I dont make a pig of myself anymore Rushy:x_x: that comes with age as well!!
Having somebody set it up is something I snorted at - but this time I've seen the benefits of it being done right on. I had the correct bore attachment and a collimator used, i thought "oh yeah but". But-nothing! My cold clean shot hit low and left 3 clicks - it then settled right on. I've never seen that before
The fact is most people don't have the space or equipment to do it 'your' way. Shooting the group and adjusting then re shooting a group may not be 100% correct but it gets you damn close and it's easy to do. Litz does it on his DVD and it seemed to work just fine out to 800m I think that he used that rifle to?
Isolating the one variable you're interested in.... that is good test methodology. If just the accuracy of the scope then I'd be checking in this way straight after purchase looking for ideally +/- one click accuracy and part-click backlash in a top-end product, right through the range, both axes. If the error is more, then that is the time to consider returning it.
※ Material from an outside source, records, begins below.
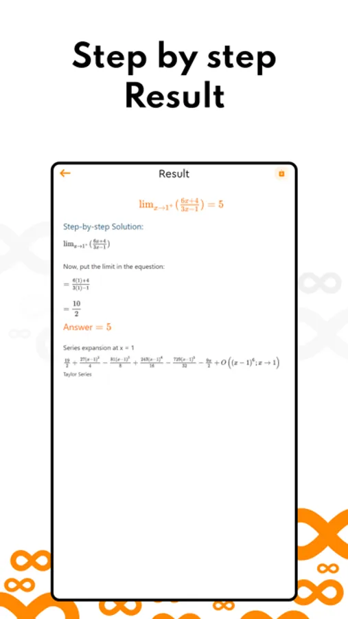 Tap the calculate button and the limits calculator provides a step-by-step solution on your device screen.
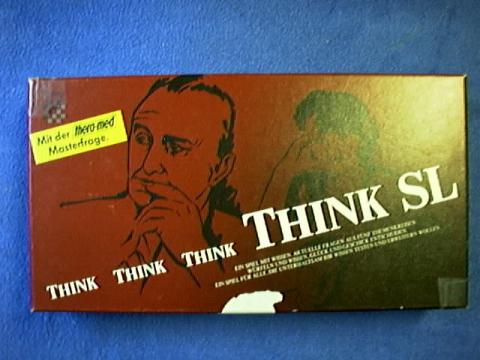 THINK SL Wissensspiel mit fünf Fragen-Gebieten, durch Sticker "mit der thera-med Masterfrage" als Werbespiel gekennzeichnet Ludografische Angaben Verlage: delphi Spiele GmbH Inventarnummer: 10543 Kategorien: Familie, Quiz, Werbe Erscheinungsjahr 1989 Spieler 1 - 16 Spieler Alter 16 - 99 Jahren Dauer bis 45 Minuten
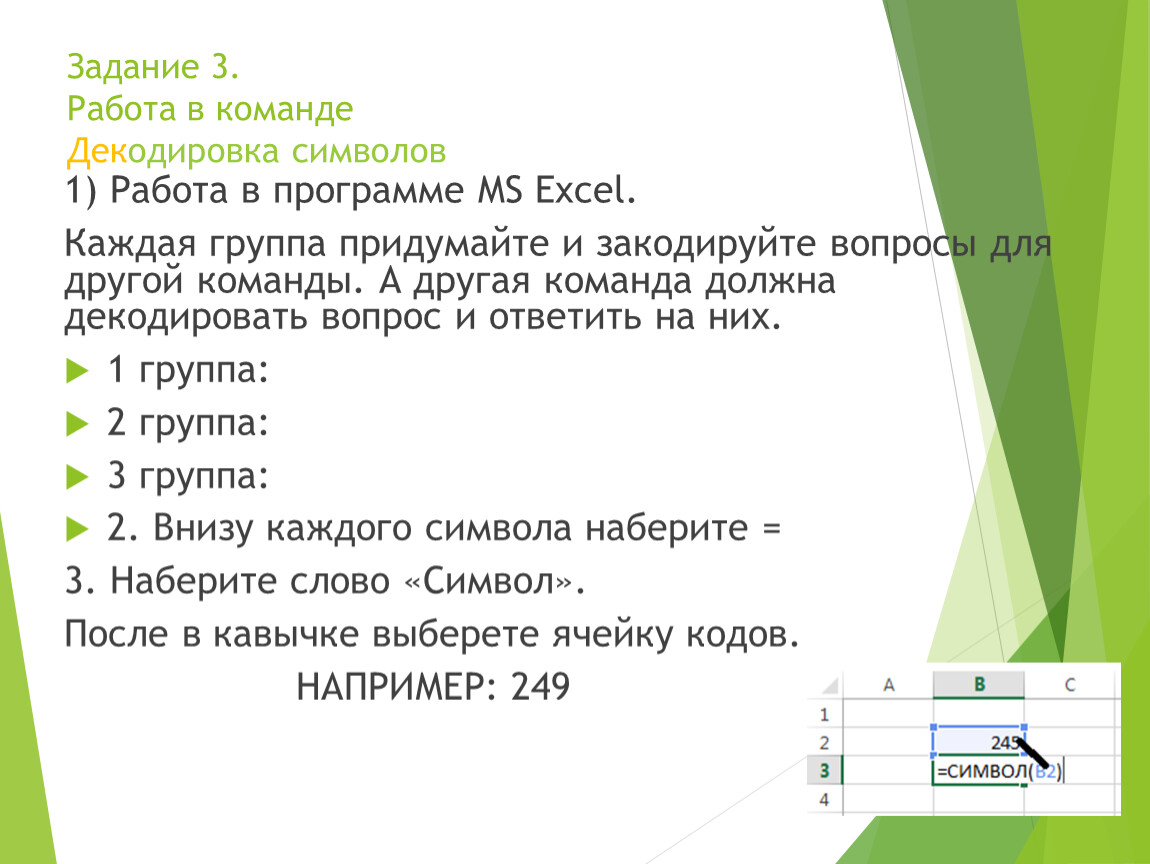 Каждая группа придумайте и закодируйте вопросы для другой команды. А другая команда должна декодировать вопрос и ответить на них.
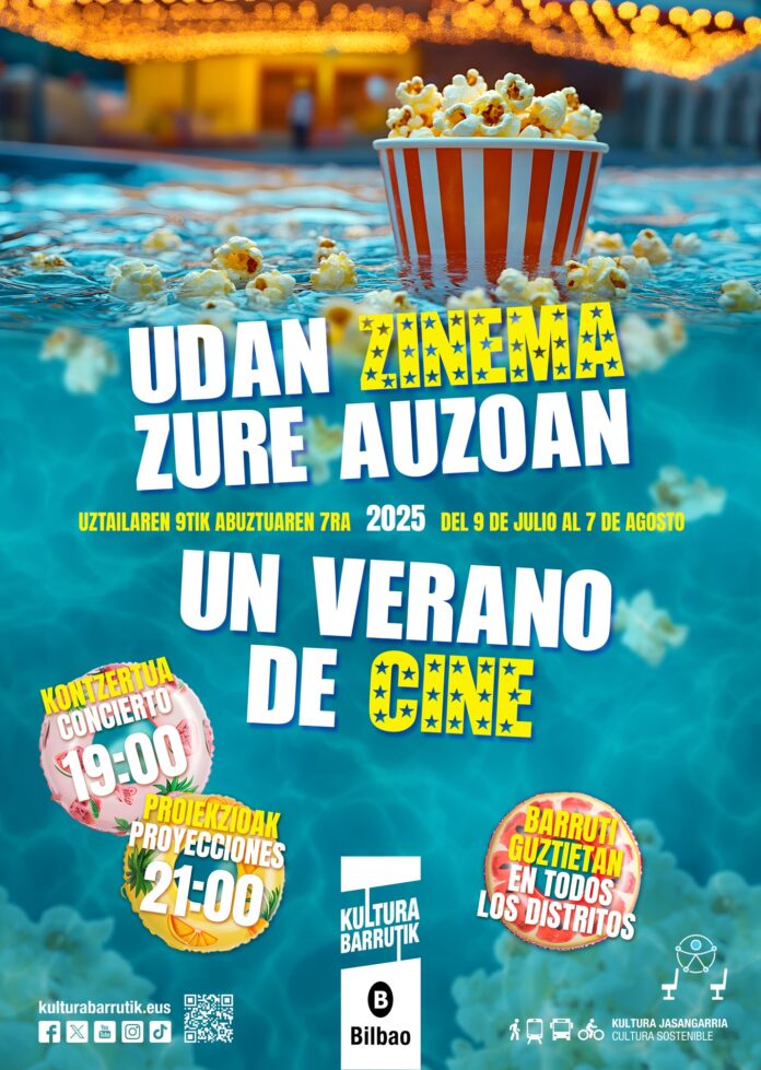 El Ayuntamiento de Bilbao ofrecerá este verano ocho sesiones de cine al aire libre en distintos barrios de Villa, en el marco de la iniciativa “Un verano de cine”. La programación se desarrollará entre el 9 de julio y el 7 de agosto, y las veladas incluirán, además de la proyección de una película y un cortometraje, una actuación musical previa.
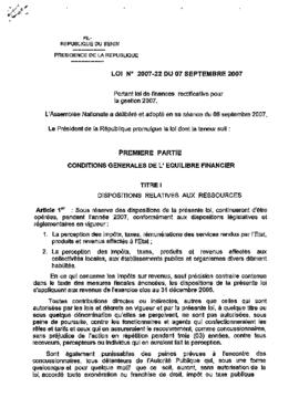 LOI N°2007-22 DU 07 SEPTEMBRE 2007
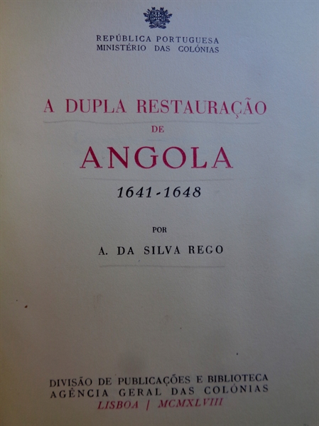 A DUPLA RESTAURAÇÃO DE ANGOLA : 1641-1648 / A. DA SILVA REGO
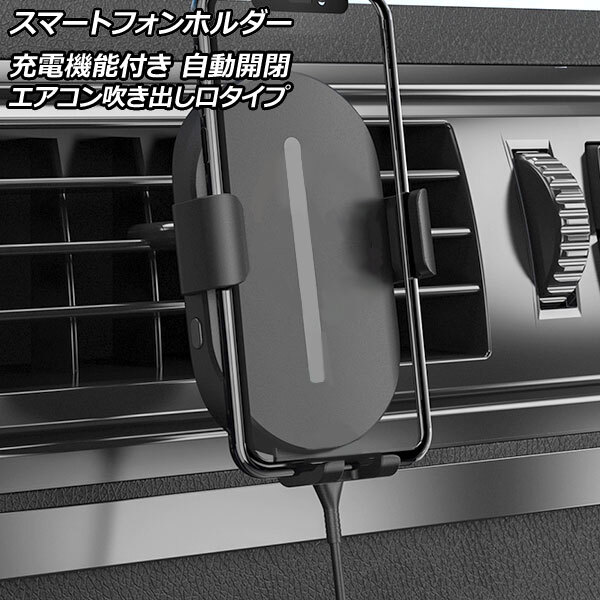 - スマートフォンホルダー 充電機能付き 自動開閉 エアコン吹き出し口タイプ 汎用 車載用 ワンタッチでアームが自動開閉!簡単スムーズにス…
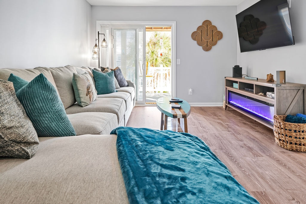 Enjoy the magic of the Christmas season with crisp coastal air and ocean views from your porch daybed, or curl up by the fireplace with a warm drink as the tree glows nearby. Perfectly located on one of the Island’s most desirable stretches of sand—home to the only year-round dog-friendly beach—with easy beach access and the Pier just steps away, this peaceful oceanfront condo blends festive charm and comfort for a cozy holiday escape.
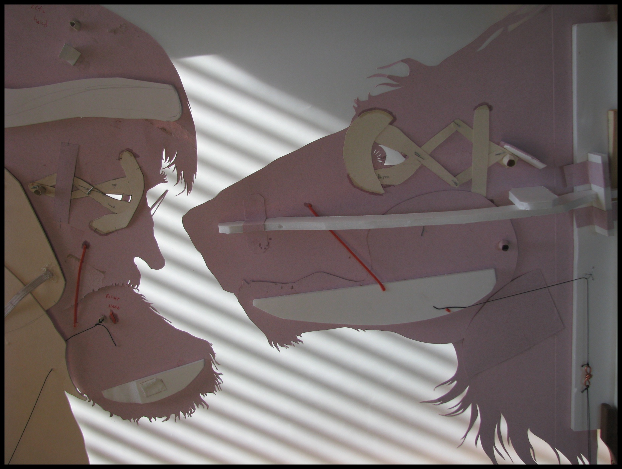 Shadow Puppet Mechanics A backstage view of John Beartrist Laceroot and Mystichearingus Wolf. The shadow screen set up on the work table for repairs and modifications. Share this: Click to share on Facebook (Opens in new window) Facebook Click to share on X (Opens in new window) X Click to share on Pinterest (Opens in new window) Pinterest Like Loading... Related
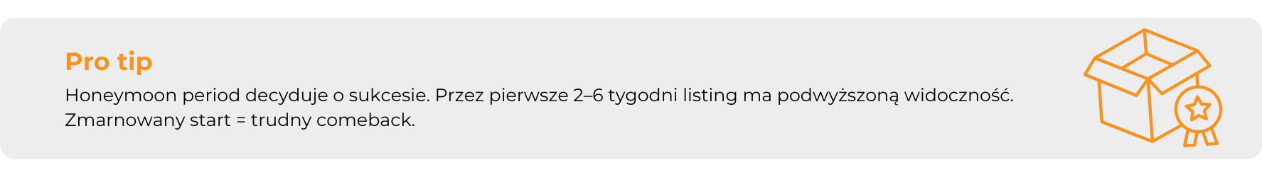 Na samym początku Amazon testuje nowy listing, analizując jego konwersję, jakość ruchu oraz tempo sprzedaży. Ten tak zwany okres „honeymoon” trwa zwykle kilka tygodni i jest wyjątkowo ważny, bo każdy sygnał wysłany do algorytmu wpływa na dalszą widoczność produktu. Aby zdobyć pierwsze sprzedaże, produkt powinien wejść na rynek z uczciwą, celowo obniżoną ceną, która zmniejsza barierę zakupu i maksymalizuje konwersję. Amazon premiuje listingi, które szybko udowadniają, że potrafią sprzedawać, dlatego startowe kilka–kilkanaście transakcji bywa kluczowe.
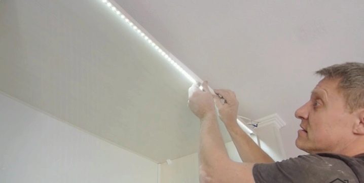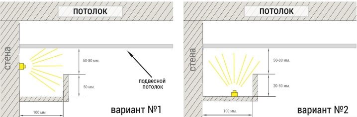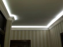 Вдлъбнатината от тавана е направена от един до три см. Цокълът трябва да бъде допълнително фиксиран със самонарезни винтове за здравината на конструкцията, чиито глави са вдлъбнати, след това шпакловани и боядисани заедно с цокъла. Колкото по -голяма е пролуката, толкова по -широка е лентата светлина, падаща от нея..
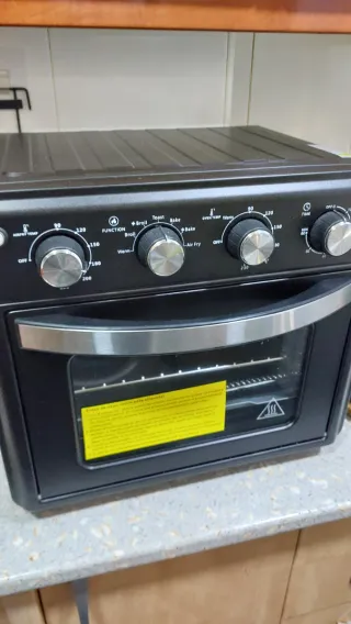 Horno eléctrico de sobremesa con múltiples funciones. Ideal para preparar una gran variedad de platos. - Control de temperatura y tiempo hasta 230 grados - Funciones: Air Fry, Broil, Bake, Toast, Warm. - Diseño compacto y moderno.
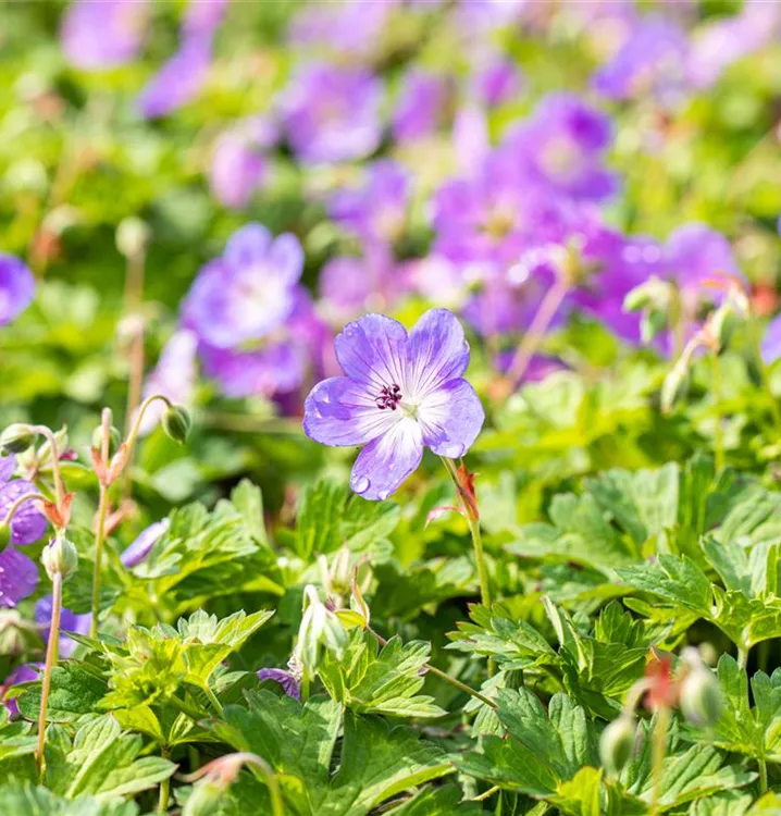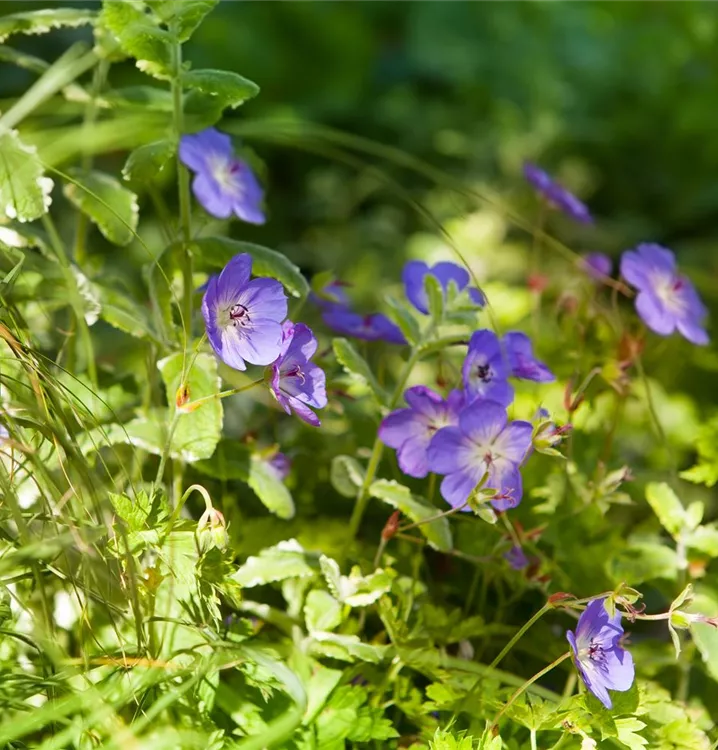 Geranium wallichianum 'Rozanne'® bildet blaue Blüten ab Juni.
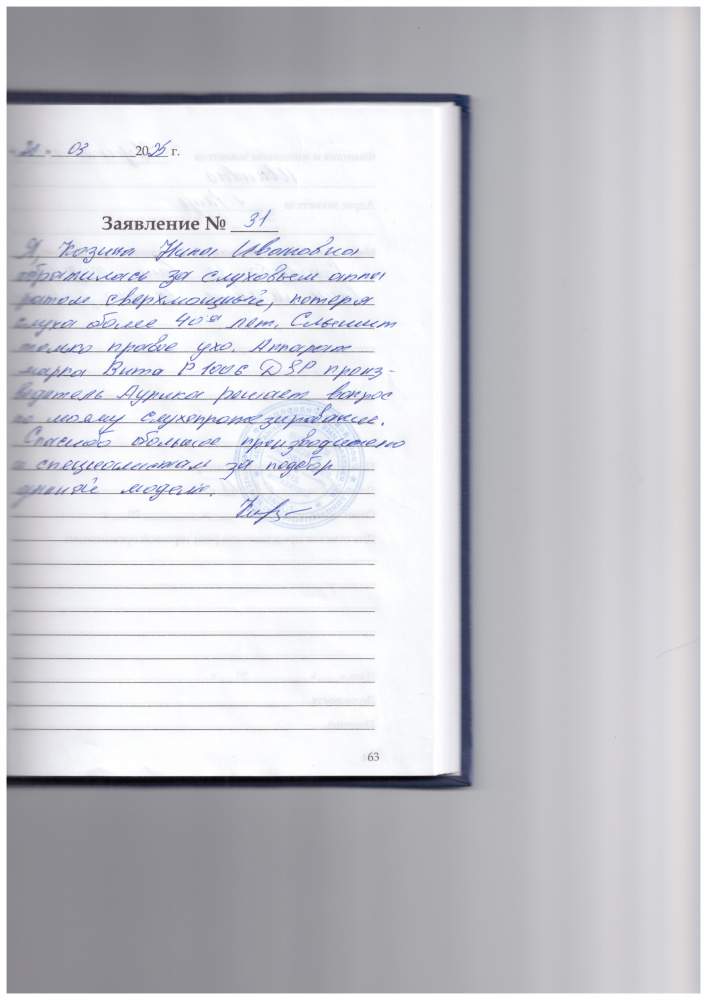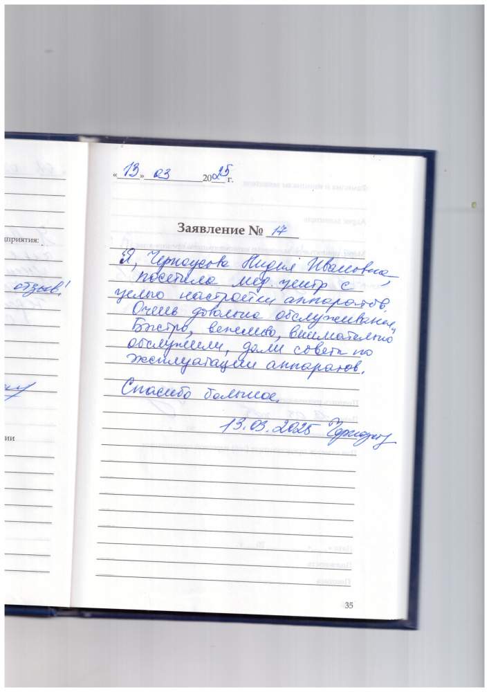 Я, Черноусова Лидия Ивановна, посетила мед.центр с целью настройки аппаратов. Очень довольна обслуживанием. Быстро, вежливо, внимательно обслужили, дали советы по эксплуатации аппаратов. Спасибо большое. 13.03.2025

If you can live with it, document it and factor it into the dropchart. That said the last dial-up scope I did this with had a 30% error in the elevation turret so pretty much any method would have pick it up!
On test distance it comes down to ability to focus the scope sufficiently well to see the calibrated markings on the target and eliminate the possibility of any parallax error. For these reasons if the scope is fixed- focus the backyard is probably not going to work.
....remove the scope from the rifle, clamp it in a way that it will not be able to move at all...
doesn't take that much ingenuity to find a way to achieve this surely, or leave it in place and clamp the rifle ?
Drill and tap a block of steel and mount a rail to it. should be heavy enough to not move when clicking the turrets
Attachment 23024
A piece of 150x50 with ply screwed on each side, half-circles of the appropriate diameter for the tube to rest in, sash clamped back to a bench in this case. It can be clamped to whatever is handy at the local sports field or the range for checking things at 100m and beyond. Elastic is used to tension the scope down into the recesses and also prevent it from getting accidentally knocked onto the ground. Can rotate 90 to check windage on the same scale as elevation (see below).
Attachment 23025
This is the other end of the arrangement. The tripod gives flexibility for setting up at any distance. The bar in this case is marked up at 100mm spacings for confirming mrad at 100m.
Had a good day out today - A solid first round hit to a plate at 780m then these two on a 9" plate at 1010m. Feeling brave i tried the data off the app out to the 1200m gong and it only took 3 (for me that was 16.8 mils. Thanks again fellas - days like this improve the shooting immeasurably :thumbsup:
Attachment 25577
You were shooting like a man possessed. A first round hit at a kilometre followed up by another to prove it wasn't a fluke is legend mate. But I need to burst your bubble as the gong was ten inches not nine. Still under a minute of angle though. Well done.
HAHA bubble half burst - I'll meet you half way. 9.5" (it was a cold day and your targets had shrunk!!)